I’m trying to use the ansible_authorized keys to create VMs (with packer and terraform), adding my workspace key to VMs authorized keys.
I think it worked because if I execute ''ssh root@myVM", it connects without asking password.

But when I execute “ansible all -m ping -u root” to that same host, it fails with the error “sshh fails to connect to host via ssh.

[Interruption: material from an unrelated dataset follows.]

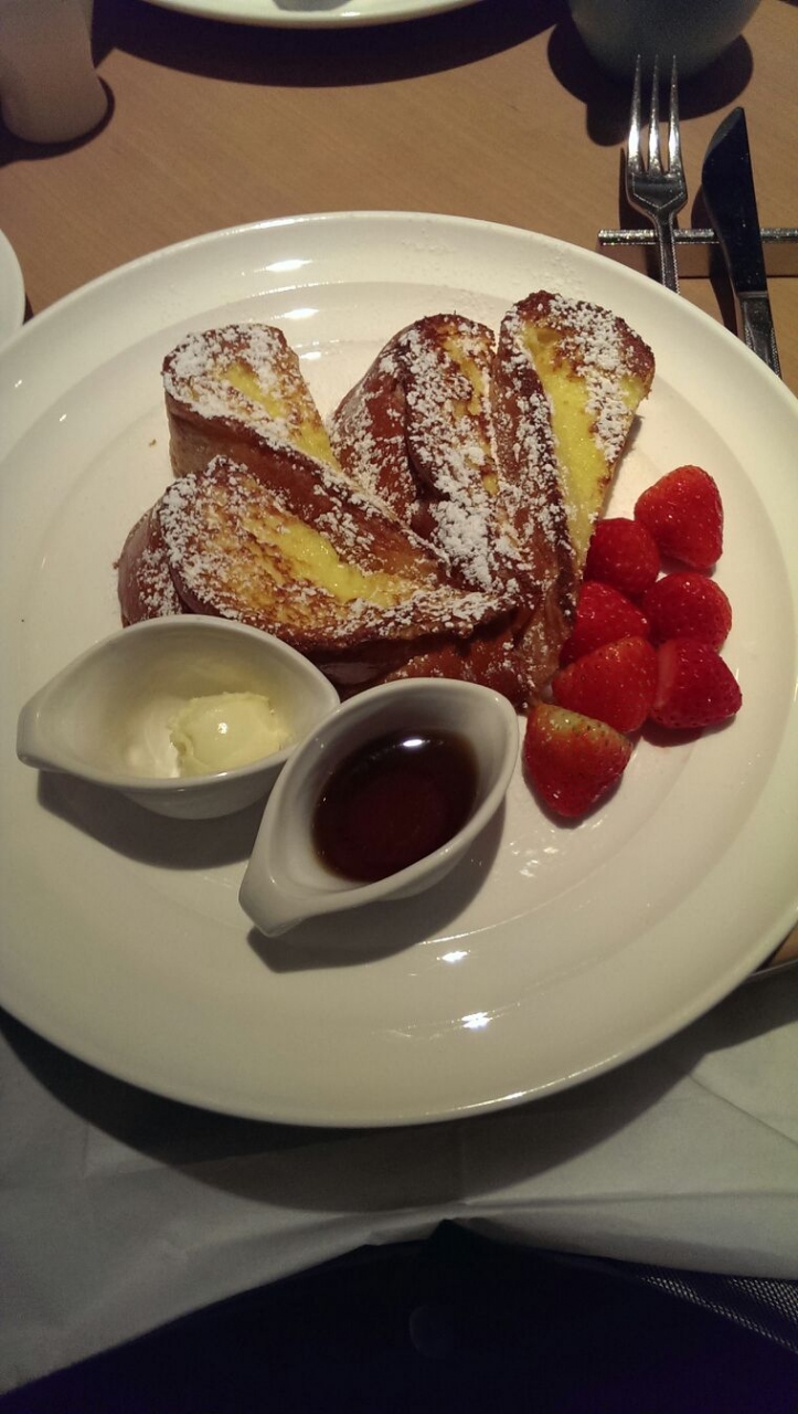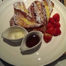こぶりのフレンチトーストが4つといちごが盛られ、
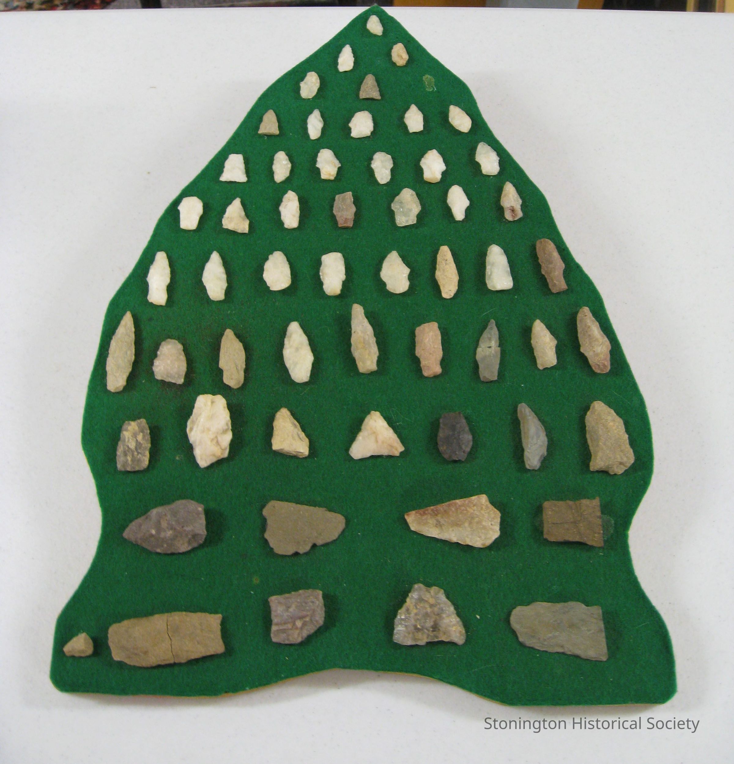 Felted board in shape of arrowhead with 50 arrowheads attached (one is missing from upper right hand corner). Various shapes, colors; small white probably quartz for bird hunting; larger ones used for bigger game.Collection

Permission denied”.

I’m really confused and struggling to understand that, since a raw ssh works and the ansible ssh doesn’t.

What am I missing??

Thanks in advance!

chenchireddy_guvvala · October 9, 2018, 1:30am

You also add ssh_keys to the same host.
like below
#ssh-copy-id root@loclahost or ssh-copy-id root@127.0.0.1

Thanks

Fabio_Gomes_Sakiyama · October 9, 2018, 1:33am

Hi Chen,

AFAIK, ssh-copy-id does exactly what the ansible module ‘authorized_keys’ does, which is copy the desired ssh-key to the server authorized_keys.

If I’m correct, this step is already done, so the problem is something else

chenchireddy_guvvala · October 9, 2018, 1:48am

Hi,

ssh-keygen creates the public and private keys. ssh-copy-id copies the local-host’s public key to the remote-host’s authorized_keys file. ssh-copy-id also assigns proper permission to the remote-host’s home, ~/.ssh, and ~/.ssh/authorized_keys.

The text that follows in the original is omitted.